Die CD3-positive T-Zellpopulation kann weiter in zytotoxische CD8-positive T-Zellen und CD4-positive T-Helferzellen differenziert werden, wie dies in Panel 2 dargestellt ist, wo die CD3-positiven Zellen aus Gate 2 auf ihre Expression von CD4 und CD8 analysiert wurden. CD4-positive, CD8-negative T-Helferzellen befinden sich im oberen linken Quadranten und CD4-negative, CD8-positive zytotoxische T-Zellen sind im unteren rechten Quadranten von Panel 3 dargestellt.

Ein Forscher, der an verschiedenen T-Helferpopulationen wie TH1, TH2, TH9, TH17 und TReg interessiert ist, würde gegebenenfalls eine Anfärbung zur Untersuchung der jeweiligen zusätzlichen oder intrazellulären Marker dieser Subpopulationen durchführen.

Flow cytometry image

CD-Marker - Einige wichtige Fragen und Antworten

Was sind CD-Cluster und wofür werden sie verwendet?

CD-Cluster (Cluster of Differentiation) sind Oberflächenmarkermoleküle, die auf Zellen vorkommen. Sie werden in der Immunologie verwendet, um verschiedene Zelltypen zu identifizieren und zu charakterisieren.

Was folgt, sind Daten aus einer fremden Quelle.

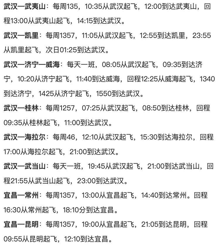 南航武汉至广州快线,每天多达10班,每天最早08:00、最晚20:30从武汉机场起飞,飞行时间约1小时45分钟;武汉至北京大兴快线,每天6班,每天最早08:00、最晚22:00从武汉机场起飞,飞行时间约2小时,能满足旅客随到随走的出行需求。此外,南航使用豪华宽体客机B787执飞武广、武京快线。
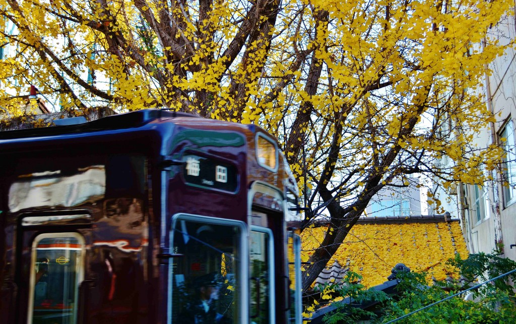 いつも利用する阪急淡路駅のホームから大きなイチョウの木が見えます。

Welche CD-Cluster sind auf einer bestimmten Zellpopulation vorhanden?

Jeder Zelltyp besitzt ein bestimmtes Set an CD-Markern und lässt sich durch diese bestimmen. Zelltypen werden anhand ihrer spezifischen Austattung mit CD-Markern definiert. So tragen z.B. alle Leukozyten CD45. Zellen, die positiv für CD3 und CD8 sind, werden als cytotoxische T-Zellen bezeichnet. Auch unterschiedliche Entwicklungsstadien eines Zelltyps lassen sich anhand des spezifischen Sets an CD-Markern nachweisen. Die Identifizierung der CD-Cluster auf einer Zellpopulation erfordert den Einsatz von Techniken wie Durchflusszytometrie.

Wie verändert sich die Expression von CD-Clustern während der Entwicklung oder in bestimmten Krankheitszuständen?

Die Expression von CD-Clustern kann sich während der Entwicklung von Zellen verändern: Verändern sich krankheitsbedingt Zellen, so ändert sich auch das spezifische Set an CD-Markern, mit deren Hilfe Wissenschaftler die Zellveränderungen nachweisen können. Bestimmte Krankheitszustände können also Auswirkungen auf die Expression von CD-Clustern haben. Um solche Veränderungen zu untersuchen, können Wissenschaftler vergleichende Analysen zwischen verschiedenen Entwicklungsstadien oder Krankheitszuständen durchführen, z. B. durch den Vergleich von Gewebeproben oder Zellkulturen.

Welche Funktionen haben bestimmte CD-Cluster auf Zellen?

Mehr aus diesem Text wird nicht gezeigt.